In the same directive are given the marking instructions of the immediate and outer packaging with the required information (in Braille language as well) but also with the mandatory references to the expiration date:

It is worth mentioning that the mock-ups of the outer and the immediate packaging of a medicinal product are submitted to the folder of the product in order to apply for the marketing authorization.

Directive 2011/62 amended the directive 2001/83 aiming to the prevention of entrance of falsified medicinal products for human use in the legal supply chain. The key points concerning the safety features applied on the packaging are the following:

- The safety features should allow verification of the authenticity and identification of individual packs, and provide evidence of tampering.

- The safety features should allow the verification of each supplied pack of the medicinal products, regardless of how they are supplied, including through sale at a distance.

- In order for the safety features to be effective, a manufacturing authorization holder who is not himself the original manufacturer of the medicinal product should only be permitted to remove, replace or cover those safety features under strict conditions. In particular, the safety features should be replaced in the case of repackaging by equivalent safety features.

- Falsified medicinal product :is defined as any medicinal product with a false representation of: its identity, including its packaging and labeling, its name or its composition as regards any of the ingredients including excipients and the strength of those ingredients;

In the regulation 161/2016 are specified the necessary rules concerning the safety features appearing on the packaging of medicinal products for human use.

- It should be possible to identify and verify the authenticity of an individual pack of a medicinal product for the entire time the medicinal product stays on the market and the additional time necessary for returning and disposing of the pack after it has expired. For this reason, the character sequence resulting from the combination of the product code and the serial number sequence should be unique to a given pack of a medicinal product until at least one year after the expiry date of that pack or five years after the product has been released for sale or distribution in accordance with Article 51(3) of Directive 2001/83/EC, whichever is the longer period.

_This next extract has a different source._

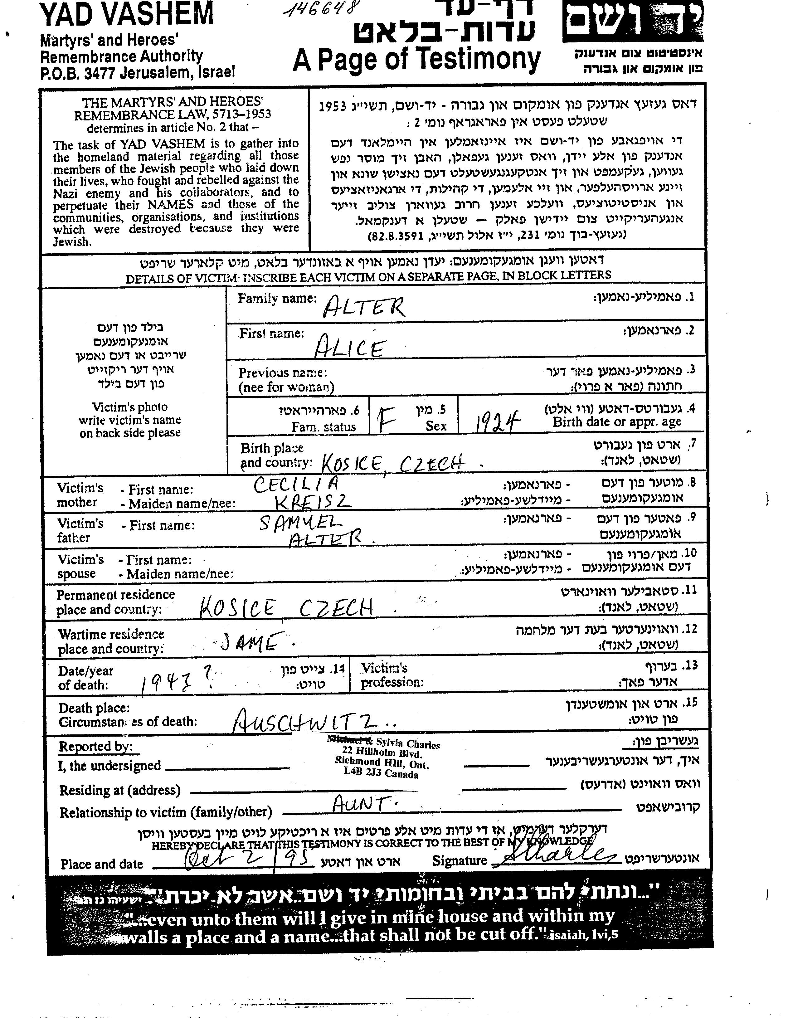 Alice אלטר נולדה בKosice שבצ'כוסלובקיה בשנת 1924 לסמואל וCecilia לבית Kreisz. היא היתה רווקה. לפני מלחמת העולם השניה התגוררה בKosice שבצ'כוסלובקיה. בזמן המלחמה היא היתה בKosice שבצ'כוסלובקיה.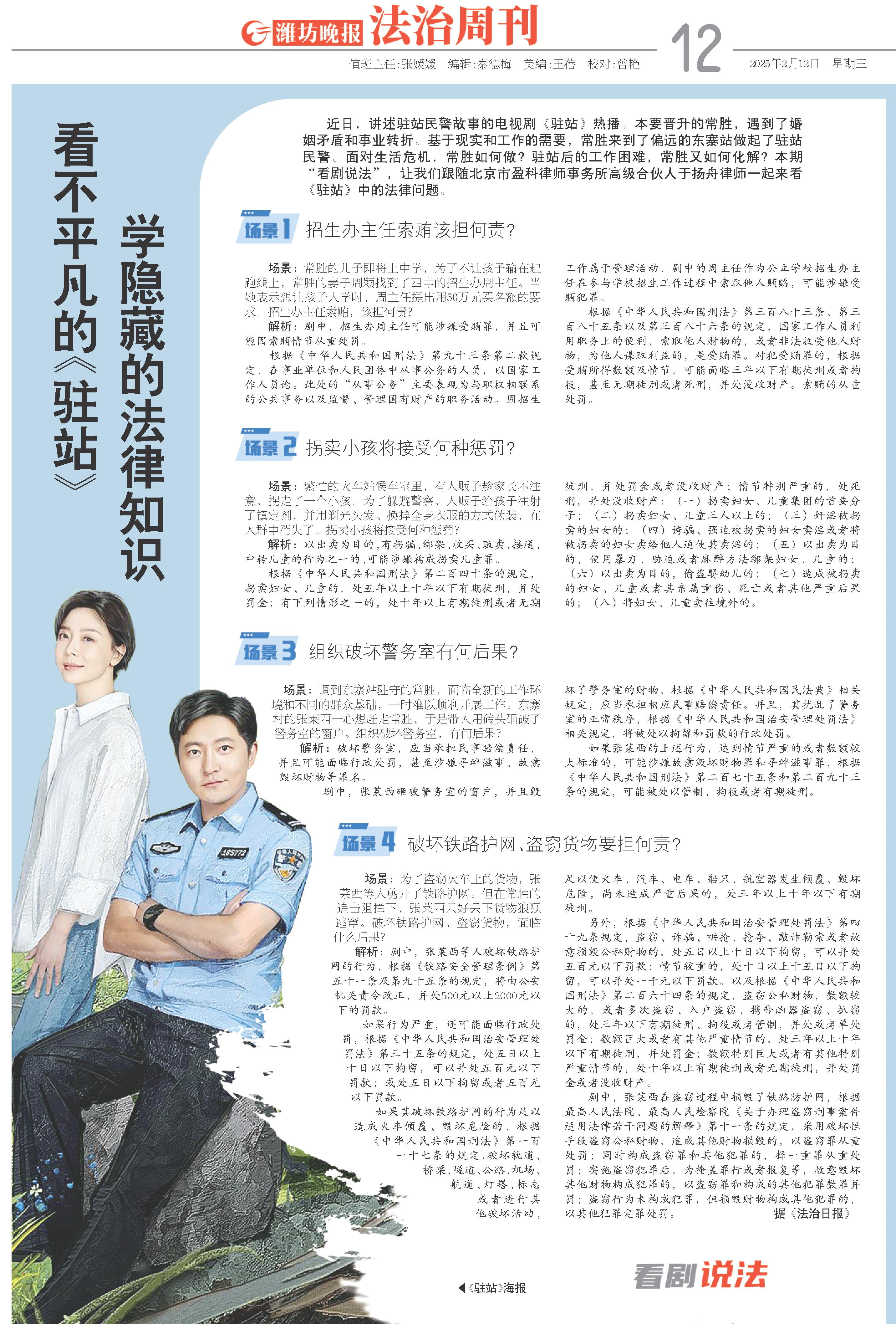 近日,讲述驻站民警故事的电视剧《驻站》热播。本要晋升的常胜,遇到了婚姻矛盾和事业转折。基于现实和工作的需要,常胜来到了偏远的东寨站做起了驻站民警。面对生活危机,常胜如何做?驻站后的工作困难,常胜又如何化解?本期“看剧说法”,让我们跟随北京市盈科律师事务所高级合伙人于扬舟律师一起来看《驻站》中的法律问题。

- The data elements of the unique identifier should be printed on the packaging in human-readable format so to allow the verification of the authenticity of the unique identifier and its decommissioning in case the two- dimensional barcode is unreadable.

- The presence of multiple two-dimensional barcodes on the packaging can engender confusion with regard to which barcode should be read for the purpose of verifying the authenticity of and identifying a medicinal product.

- The verification of the authenticity of the unique identifier aims at ensuring that the medicinal product originates from the legitimate manufacturer. The verification of the integrity of the anti- tampering device shows whether the packaging has been opened or altered since it left the manufacturer, thereby ensuring that the content of the packaging is authentic.

- The manufacturer shall place on the packaging of a medicinal product a unique identifier Manufacturers shall print the barcode on the packaging on a smooth, uniform, low-reflecting surface.

In this regulation are also provided new significant definitions:

- 'unique identifier' means the safety feature enabling the verification of the authenticity and the identification of an individual pack of a medicinal product;

- 'anti-tampering device' means the safety feature allowing the verification of whether the packaging of a medicinal product has been tampered with;

In order to fulfill the obligations emanating from the implementation of safety mechanisms (tampering) to protect against falsified medicinal products it is necessary to study the relevant European Standard of Control: BS ΕΝ 16679: (Packaging. Tamper verification features for medicinal product packaging). The latest edition of this European standard was published in December 2014.

The described mechanisms are divided into the following categories:

- Flaps of folding boxes closed with glue or closed with labels or tapes
- Specially constructed folding boxes
- Sealing labels and tapes
- Film wrappers
- Sleeves
- Breakable or tear-away closure
- Display blister pack
- Flexible packaging
- Blow-fill-and-seal-container (BFS)

The new approach of the European legislation enables packaging manufacturers to develop new structures and materials of higher added value ensuring that way consumers' protection against counterfeited medicinal products.